Mais la recommandation vis-à-vis de l'État qui sera la plus discutée – et la plus controversée – est sans nul doute celle consistant à "lancer, sans tabou, un débat national sur la formation et la liberté d'installation des médecins : le principe de liberté d'installation est insuffisamment mis en regard du principe d'égal accès aux soins et de la notion d'intérêt général". On notera que la délégation aux collectivités ne tranche pas ouvertement en faveur de mesures coercitives. En revanche, Olivier Véran a, dès sa prise de fonctions, fait connaître son opposition à de telles mesures.

Des recommandations pragmatiques pour les collectivités

Vis-à-vis des collectivités, le rapport formule sept recommandations pragmatiques, assises notamment sur les remontées des bonnes pratiques territoriales. Ainsi, il conviendrait créer des centres ou des maisons de santé "partenariaux", autrement dit conçus "en étroite concertation entre les élus locaux et les professionnels de santé, et ce le plus en amont possible". De même, le rapport préconise de renforcer les liens entre les collectivités territoriales et les facultés de médecine. Une proposition qui prend tous son sens dans le cadre du numerus apertus qui remplace à partir de l'année universitaire 2021-2022 l'ancien numerus clausus et offre une marge de manœuvre locale autour d'une orientation chiffrée nationale.

La troisième mesure est davantage de l'ordre du rappel, puisqu'elle consiste à "favoriser l'installation des médecins dans les zones sous-denses par des dispositifs incitatifs (des bourses financières jusqu'au salariat)". De nombreuses collectivités mettent en effet déjà en œuvre ou envisagent des dispositifs de ce type. En outre, leur développement pourrait se révéler contradictoire avec la volonté, affichée par ailleurs, d'éviter la concurrence entre territoires. Dans un ordre d'idée voisin – et avec la même contradiction –, le rapport suggère d'"attirer les médecins par une aide personnalisée apportée à eux-mêmes ainsi qu'à leur famille afin de favoriser leur installation dans les territoires (par exemple aides au logement)".

Hommage aux élus locaux

Autre piste pour les collectivités : rechercher l'échelon local pertinent pour la mise en œuvre des projets de santé. Sur ce point, les deux critères à prendre en compte pour déterminer cet échelon devraient être la soutenabilité financière du projet et sa technicité. Le rapport préconise aussi d'accélérer et d'achever le déploiement des contrats locaux de santé (CLS) sur l'ensemble du territoire et, enfin, d'encourager le recours à des projets de télémédecine, mais uniquement lorsqu'aucune solution alternative ne paraît envisageable.
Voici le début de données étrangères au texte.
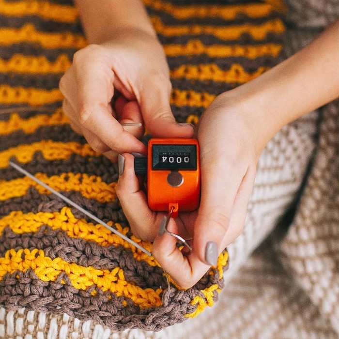 Не запутаться в готовых рядах поможет специальный счётчик. Он надевается на спицу или нитку, и при окончании последовательности вам нужно повернуть колёсико, чтобы обновить цифру. Такая система позволит спокойно откладывать вязание, если вам срочно нужно заняться другими делами.
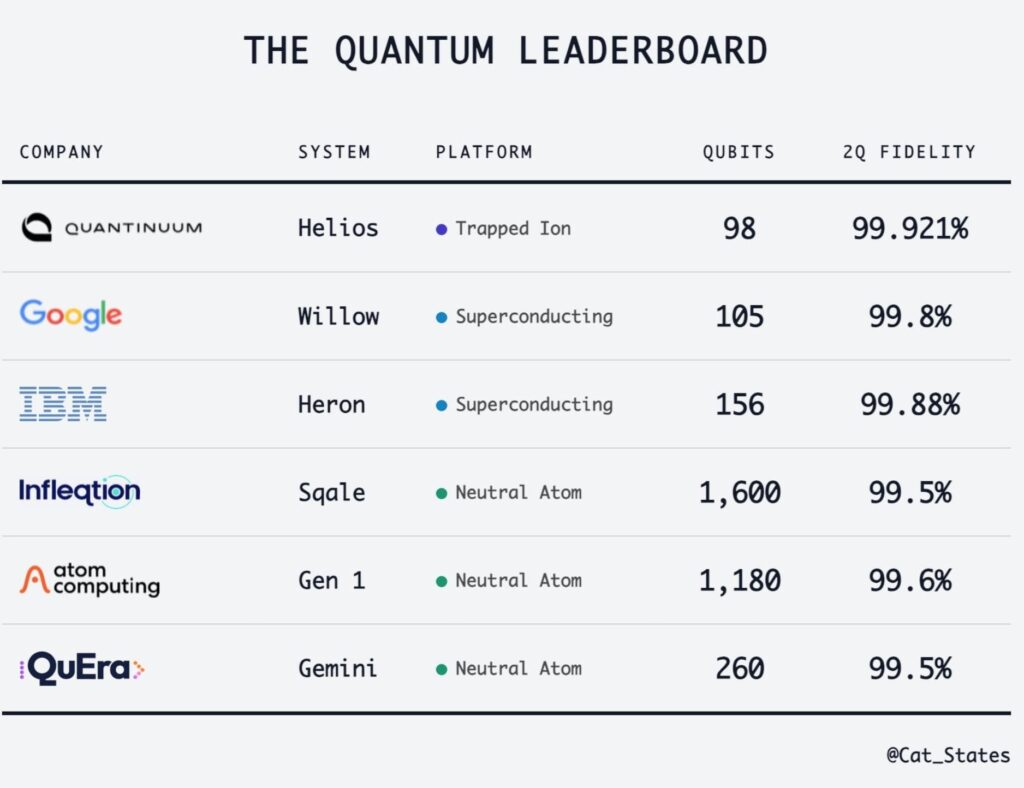 - QuEra (Gemini): 260 cúbits con 99,5% de fidelidad.
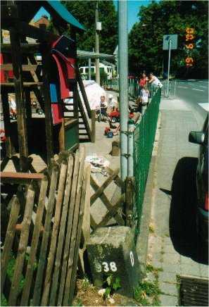 A state border, the kindergarten is in Belgium, the street is in Germany. The border marking stone is near the fence.
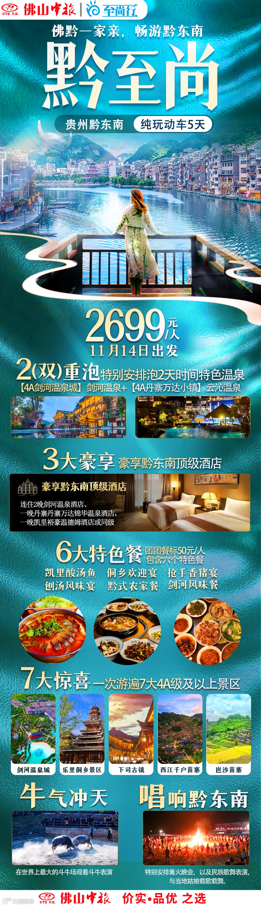 “黔至尚”线路亮点众多:2(双)重泡苗疆圣水(剑河温泉+万达云泉);3大豪享黔东南顶级酒店;6大特色餐(抢手香猪宴、凯里酸汤鱼等);7大惊喜,畅游黔东南七个4A级以上的景区,安排参观世界上最大的斗牛场,以及观看斗牛表演,观看民族哥舞表演,参与民族大融合的篝火晚会。2367唱牛的特色行程,征服了佛山游客,反响热列,几天时间一百名名额预订爆满。在主管部门的重视和指引下,“佛黔一家亲,畅游黔东南”10月18日百名游客在广州南站盛大启行。
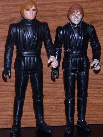 I got a good price for this Luke. He is pictued on the right in horrible condition. It seems to be extraordinarily difficult to get a Top Toys Luke Jedi at all. The height difference here is painfully obvious when compared to the Kenner version.
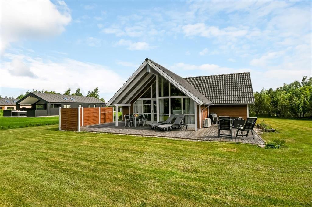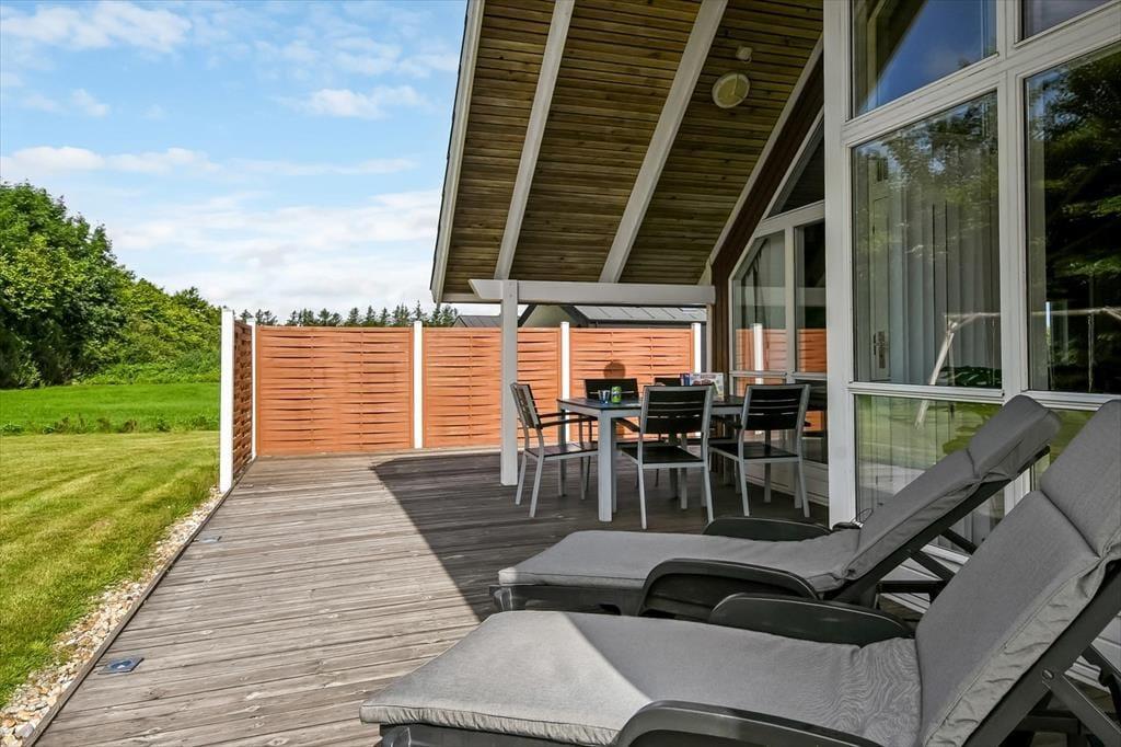 An sonnigen Tagen wird es Sie und Ihre Lieben sicherlich hinaus auf die große und teilweise überdachte Holzterrasse ziehen, die sich an drei Seiten des Ferienhauses schmiegt. Das Grundstück umfasst eine Fläche von 1.200 m² und bietet Ihnen und Ihren Kindern auf der Grasfläche ausreichend Platz zum Umhertollen und für Ballspiele. Für die jüngsten Urlauber steht ein Schaukelgerüst bereit.

En conclusion, le rapport salue "le volontarisme et la détermination dont font preuve les élus locaux, confrontés aux difficultés de l'État à répondre à sa mission en matière d'accès aux soins, jusqu'au dernier kilomètre. Face au sentiment d'abandon de nos concitoyens, nombreuses sont les collectivités qui mettent en œuvre des solutions innovantes, partenariales et pragmatiques pour remédier aux déserts médicaux". La délégation aux collectivités territoriales rend donc "hommage à tous ces élus qui, malgré les contraintes, malgré les lourdeurs administratives et malgré la modestie de leurs moyens juridiques, techniques et financiers, sont des inventeurs de solutions et des développeurs de territoires, dans un champ de compétences largement déserté par l'État".